Sin embargo, la irrupción de Messi en el Inter Miami ha cambiado también la vida del empresario británico. La llegada del argentino transformó el club, disparó su repercusión internacional y permitió al equipo conquistar títulos y multiplicar su impacto deportivo y económico. Beckham nunca ha ocultado que considera al rosarino uno de los mejores futbolistas de todos los tiempos y ha sido uno de sus mayores defensores desde su desembarco en Estados Unidos.

Media Image© Getty Images

Por eso, el Inglaterra-Argentina de este Mundial adquiere para él un significado especial. Pase lo que pase sobre el césped, una parte importante de su corazón saldrá vencedora y otra terminará inevitablemente decepcionada.

Media Image© Getty Images

Una rivalidad marcada por la historia: cerrando un círculo 

El enfrentamiento entre Inglaterra y Argentina siempre ha ido mucho más allá del fútbol. Décadas de historia han convertido este duelo en uno de los grandes clásicos del deporte mundial, con episodios que permanecen imborrables en la memoria colectiva de ambos países. Precisamente Beckham protagonizó uno de los capítulos más recordados de esa rivalidad durante el Mundial de Francia 1998. 

En los octavos de final fue expulsado tras reaccionar con una patada a Diego Simeone cuando ambos estaban en el suelo. La acción dejó a Inglaterra con diez jugadores y terminó convirtiéndose en uno de los momentos más dolorosos de su carrera deportiva.

Media Image© Getty Images

El propio Beckham ha reconocido con el paso de los años que aquella reacción fue "un error estúpido" que cambió su vida para siempre. Durante mucho tiempo cargó con las críticas de la afición inglesa, que le señaló como uno de los responsables de la eliminación del equipo nacional. 

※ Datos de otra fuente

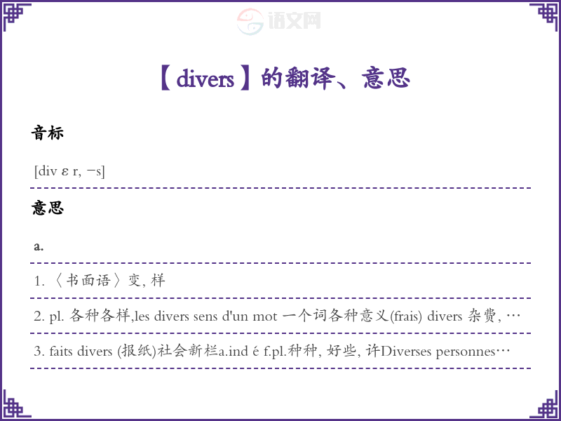 divers法语的中文翻译、意思

De Diego Simeone a Lionel Messi

El tiempo, sin embargo, ha terminado curando las heridas. Años después de aquel polémico episodio, Beckham y Simeone dejaron atrás cualquier resentimiento y su reconciliación quedó simbolizada recientemente en una fotografía tomada antes de esta nueva semifinal mundialista, una imagen que demuestra cómo el deporte también sabe cerrar viejas heridas. Curiosamente, casi tres décadas después vuelve a encontrarse emocionalmente frente a Argentina, aunque esta vez desde una perspectiva completamente diferente. Ya no hay tensión personal ni cuentas pendientes. En su lugar aparece el afecto que ha construido junto a Messi desde que ambos comenzaron a trabajar codo con codo en el proyecto del Inter Miami.

Media Image© simeone

Una semifinal imposible de vivir con indiferencia

Cuando el balón eche a rodar, Beckham volverá a sentirse inglés hasta la médula. Pero también será inevitable que una parte de él mire con orgullo al futbolista que lidera el club en el que ha depositado tantas ilusiones.

Media Image© Getty Images

Es, probablemente, la semifinal más difícil de vivir para una figura que ha unido su nombre tanto a Inglaterra como al crecimiento del Inter Miami. Si ganan los Three Lions, celebrará el éxito de su país. Si lo hace Argentina, verá cómo el jugador que ha transformado su proyecto continúa escribiendo una nueva página en la historia del fútbol. Sea cual sea el resultado, David Beckham volverá a demostrar que el fútbol también está hecho de afectos, lealtades y relaciones personales capaces de poner a prueba incluso a quienes parecían tener siempre muy claro de qué lado estaban.